Whichever lines of the material contain "this", copy each of them.

■ Material shown:
________________________________________

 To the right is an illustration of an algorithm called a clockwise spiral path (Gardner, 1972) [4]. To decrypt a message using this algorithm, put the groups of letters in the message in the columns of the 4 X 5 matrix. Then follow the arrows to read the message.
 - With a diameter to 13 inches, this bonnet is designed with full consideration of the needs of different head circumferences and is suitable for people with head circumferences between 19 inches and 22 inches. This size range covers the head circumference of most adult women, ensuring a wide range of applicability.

________________________________________

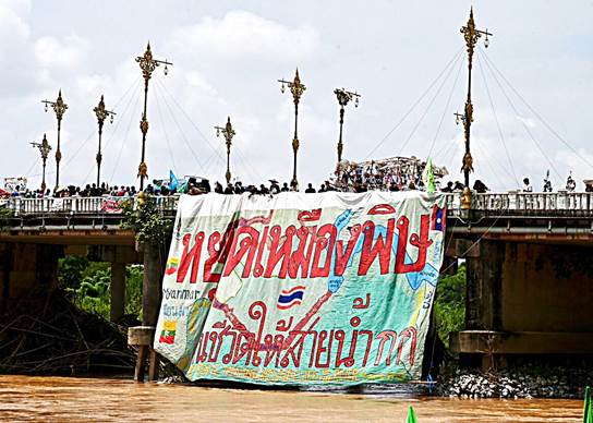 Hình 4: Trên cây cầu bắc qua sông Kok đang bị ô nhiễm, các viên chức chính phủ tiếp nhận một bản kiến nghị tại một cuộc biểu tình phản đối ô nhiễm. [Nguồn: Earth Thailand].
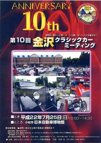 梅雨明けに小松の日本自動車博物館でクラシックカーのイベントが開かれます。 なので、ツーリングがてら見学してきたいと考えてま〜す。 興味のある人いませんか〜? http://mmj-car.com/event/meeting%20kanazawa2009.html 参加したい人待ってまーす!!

________________________________________

■ Solution to the problem:
 To the right is an illustration of an algorithm called a clockwise spiral path (Gardner, 1972) [4]. To decrypt a message using this algorithm, put the groups of letters in the message in the columns of the 4 X 5 matrix. Then follow the arrows to read the message.
 - With a diameter to 13 inches, this bonnet is designed with full consideration of the needs of different head circumferences and is suitable for people with head circumferences between 19 inches and 22 inches. This size range covers the head circumference of most adult women, ensuring a wide range of applicability.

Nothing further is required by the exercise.